### What needs to be done
Go to the line below that has "메뉴판도 찍었는데 카페가 햇살이 너무 잘 들어와서 잘 안 보이네요^^", print it and each line after it exactly, and stop after the line that has "是非、時間をかかけて見ていただきたいですが、時間のない方は目次の ーーー 目次は以下の通りです"; leave out pictures.
(Beginning of Records supplied)
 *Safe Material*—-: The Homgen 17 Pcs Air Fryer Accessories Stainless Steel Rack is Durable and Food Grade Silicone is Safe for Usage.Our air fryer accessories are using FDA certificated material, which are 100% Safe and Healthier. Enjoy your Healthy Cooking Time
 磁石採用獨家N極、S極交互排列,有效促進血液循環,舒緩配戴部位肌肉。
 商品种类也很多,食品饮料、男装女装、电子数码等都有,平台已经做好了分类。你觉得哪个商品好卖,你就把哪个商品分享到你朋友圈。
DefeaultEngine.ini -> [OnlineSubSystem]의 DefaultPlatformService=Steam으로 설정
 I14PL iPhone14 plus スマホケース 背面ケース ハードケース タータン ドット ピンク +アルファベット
(End of Records supplied)
(Beginning of Records supplied)
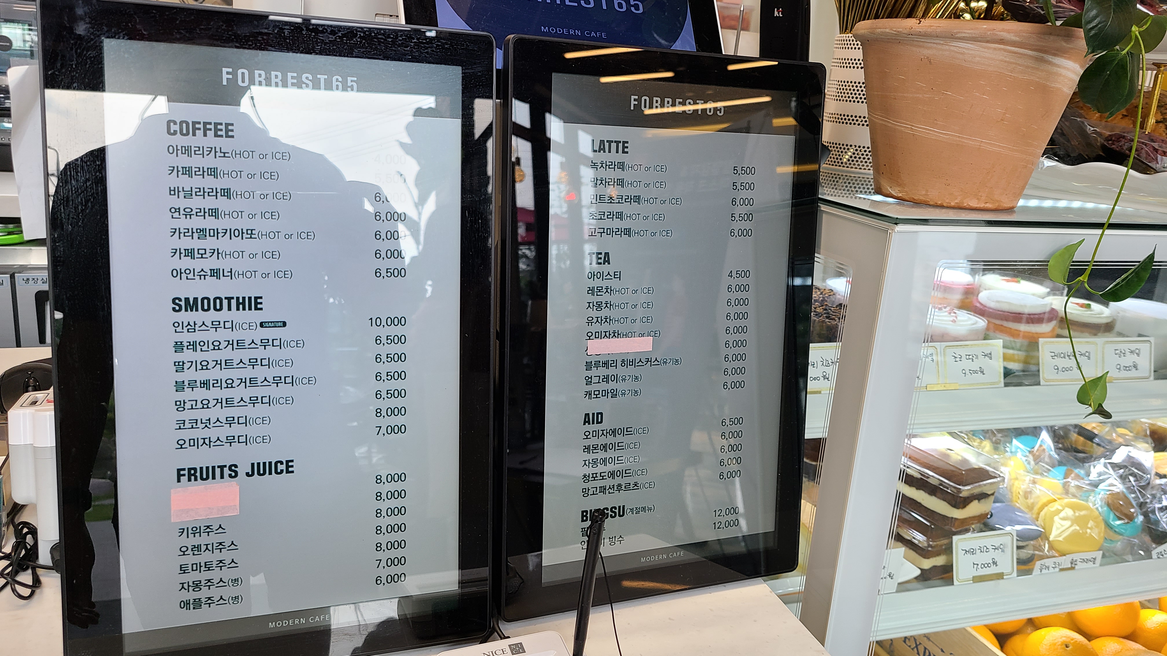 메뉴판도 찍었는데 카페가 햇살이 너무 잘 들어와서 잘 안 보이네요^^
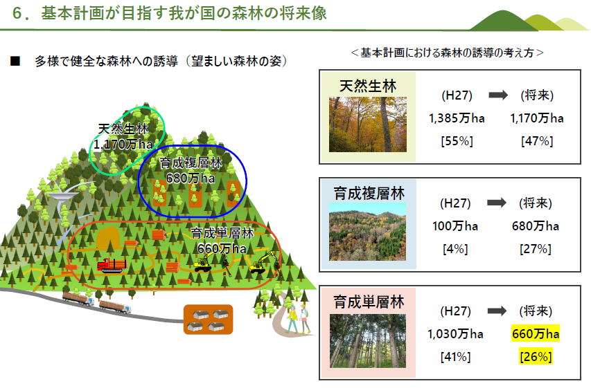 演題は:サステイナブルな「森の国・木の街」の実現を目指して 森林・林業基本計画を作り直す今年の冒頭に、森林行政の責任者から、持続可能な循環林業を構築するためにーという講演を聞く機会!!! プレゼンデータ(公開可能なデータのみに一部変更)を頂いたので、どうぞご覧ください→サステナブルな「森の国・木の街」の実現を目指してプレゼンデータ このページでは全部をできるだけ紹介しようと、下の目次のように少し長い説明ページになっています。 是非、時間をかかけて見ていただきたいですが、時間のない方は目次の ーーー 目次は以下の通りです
(End of Records supplied)
### Problem solution
 메뉴판도 찍었는데 카페가 햇살이 너무 잘 들어와서 잘 안 보이네요^^
 演題は:サステイナブルな「森の国・木の街」の実現を目指して 森林・林業基本計画を作り直す今年の冒頭に、森林行政の責任者から、持続可能な循環林業を構築するためにーという講演を聞く機会!!! プレゼンデータ(公開可能なデータのみに一部変更)を頂いたので、どうぞご覧ください→サステナブルな「森の国・木の街」の実現を目指してプレゼンデータ このページでは全部をできるだけ紹介しようと、下の目次のように少し長い説明ページになっています。 是非、時間をかかけて見ていただきたいですが、時間のない方は目次の ーーー 目次は以下の通りです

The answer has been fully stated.